[What this task involves] Here is the task for the listing below: output exactly the lines from the one containing "Infrit depicted as" through the one containing "每日对电梯间、电梯扶手、卫生", and leave out the pictures.

--- Records for processing ---

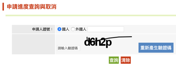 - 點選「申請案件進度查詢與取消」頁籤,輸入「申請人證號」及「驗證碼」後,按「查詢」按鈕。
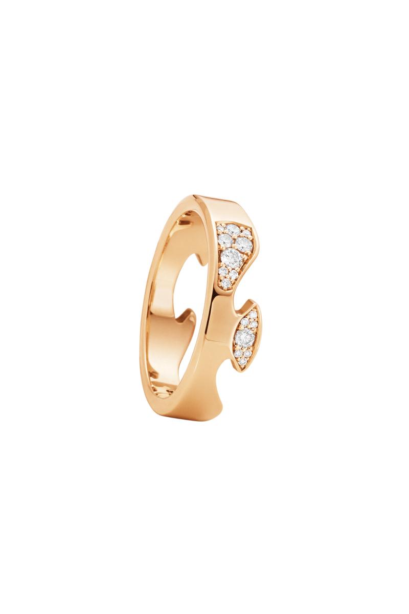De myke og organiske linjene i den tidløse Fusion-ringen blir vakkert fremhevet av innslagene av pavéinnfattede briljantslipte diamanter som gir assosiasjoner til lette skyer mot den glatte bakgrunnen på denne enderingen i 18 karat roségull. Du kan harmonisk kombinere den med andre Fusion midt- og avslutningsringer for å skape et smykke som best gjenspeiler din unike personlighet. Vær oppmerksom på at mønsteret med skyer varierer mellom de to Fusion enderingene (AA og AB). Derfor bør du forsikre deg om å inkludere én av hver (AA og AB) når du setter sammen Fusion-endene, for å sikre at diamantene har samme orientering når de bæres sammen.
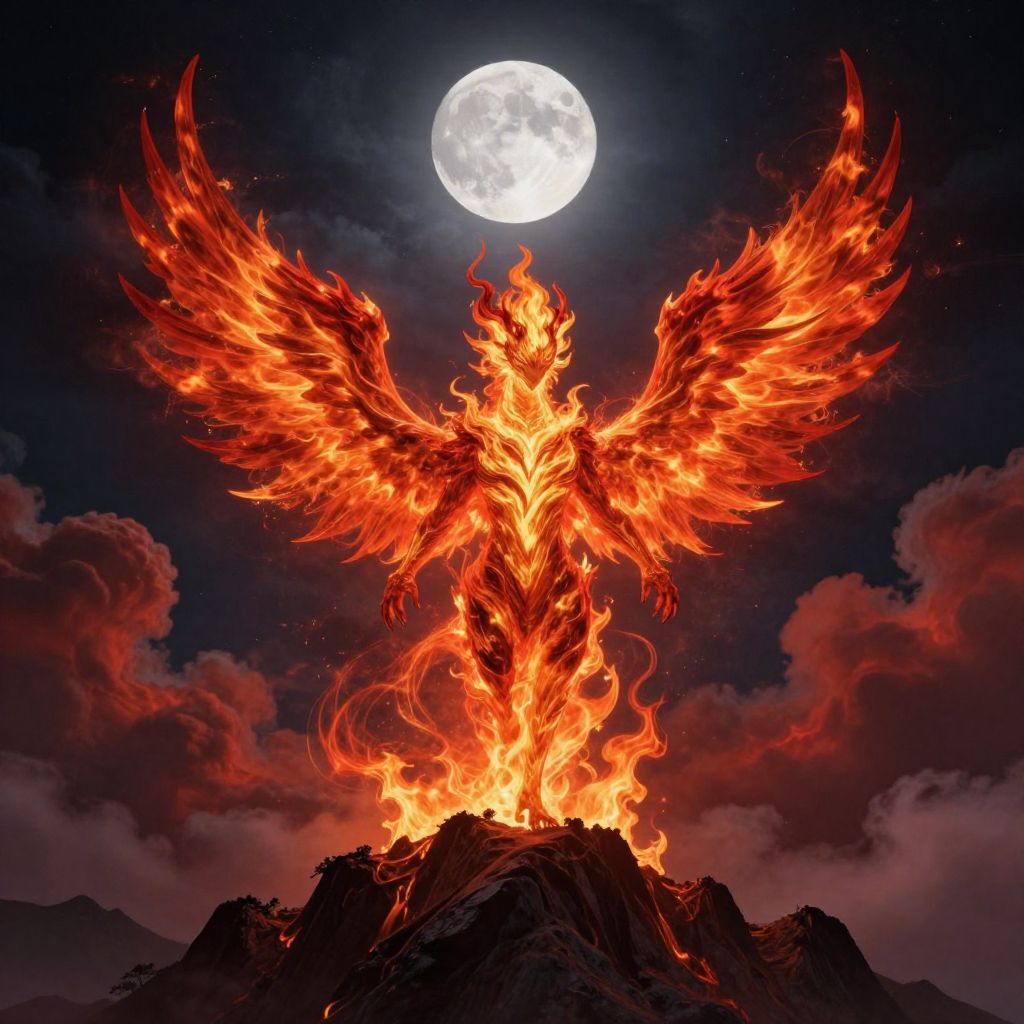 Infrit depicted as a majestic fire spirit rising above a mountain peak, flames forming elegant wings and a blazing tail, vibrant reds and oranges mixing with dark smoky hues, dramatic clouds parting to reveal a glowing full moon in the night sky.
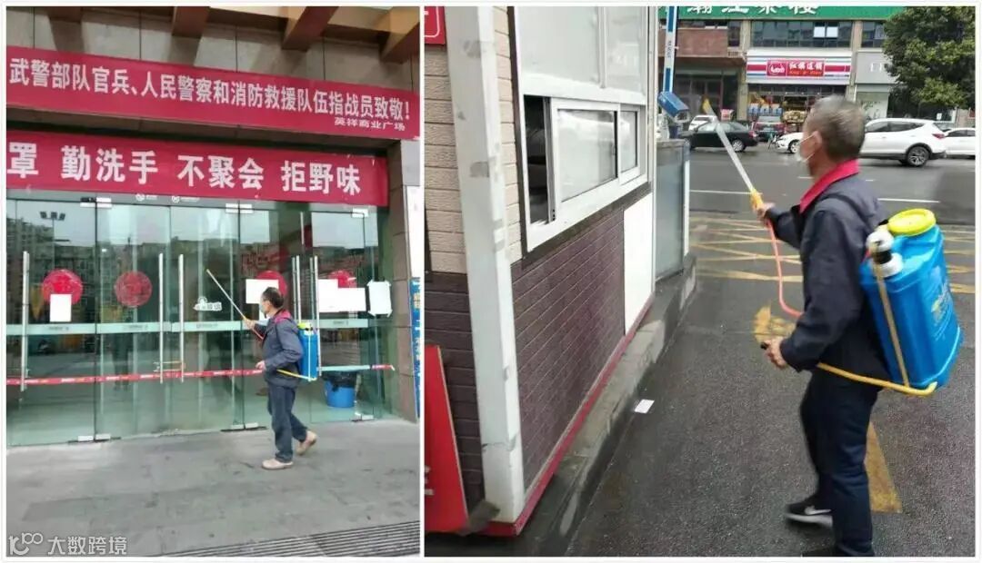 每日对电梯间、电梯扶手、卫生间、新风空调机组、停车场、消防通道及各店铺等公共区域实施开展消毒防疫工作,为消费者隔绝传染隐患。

---
--- Records for processing ---

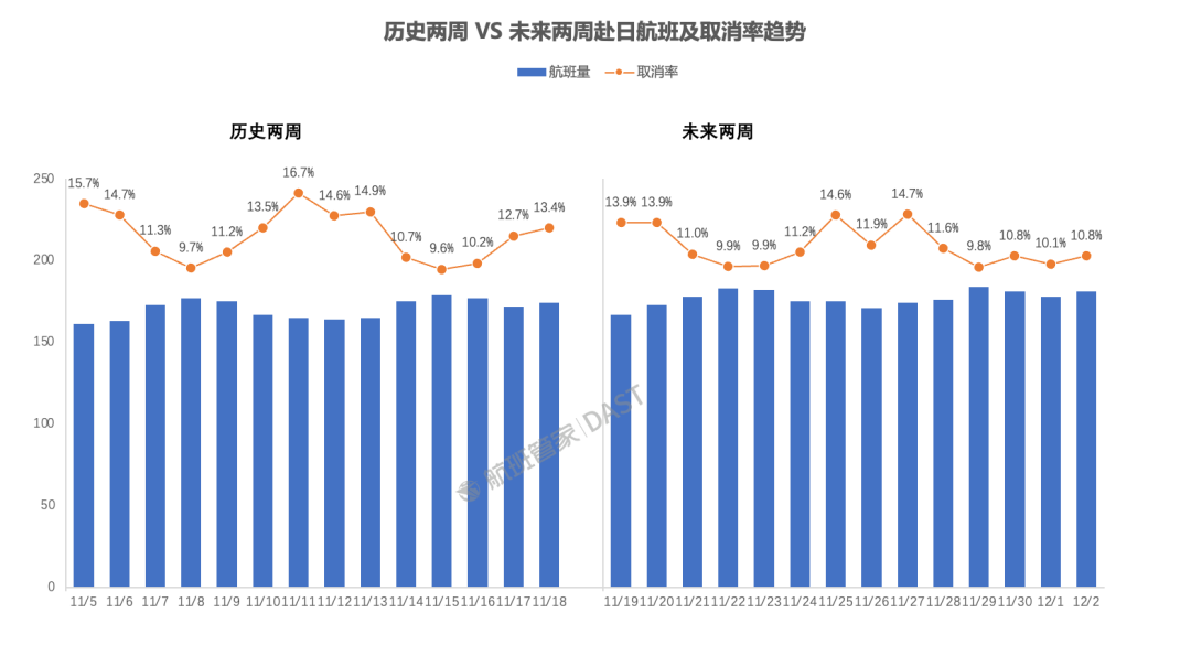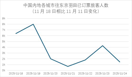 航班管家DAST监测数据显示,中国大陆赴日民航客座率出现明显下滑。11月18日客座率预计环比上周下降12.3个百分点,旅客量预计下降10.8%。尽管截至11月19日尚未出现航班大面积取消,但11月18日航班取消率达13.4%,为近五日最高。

---

[Output of the task]
 Infrit depicted as a majestic fire spirit rising above a mountain peak, flames forming elegant wings and a blazing tail, vibrant reds and oranges mixing with dark smoky hues, dramatic clouds parting to reveal a glowing full moon in the night sky.
 每日对电梯间、电梯扶手、卫生间、新风空调机组、停车场、消防通道及各店铺等公共区域实施开展消毒防疫工作,为消费者隔绝传染隐患。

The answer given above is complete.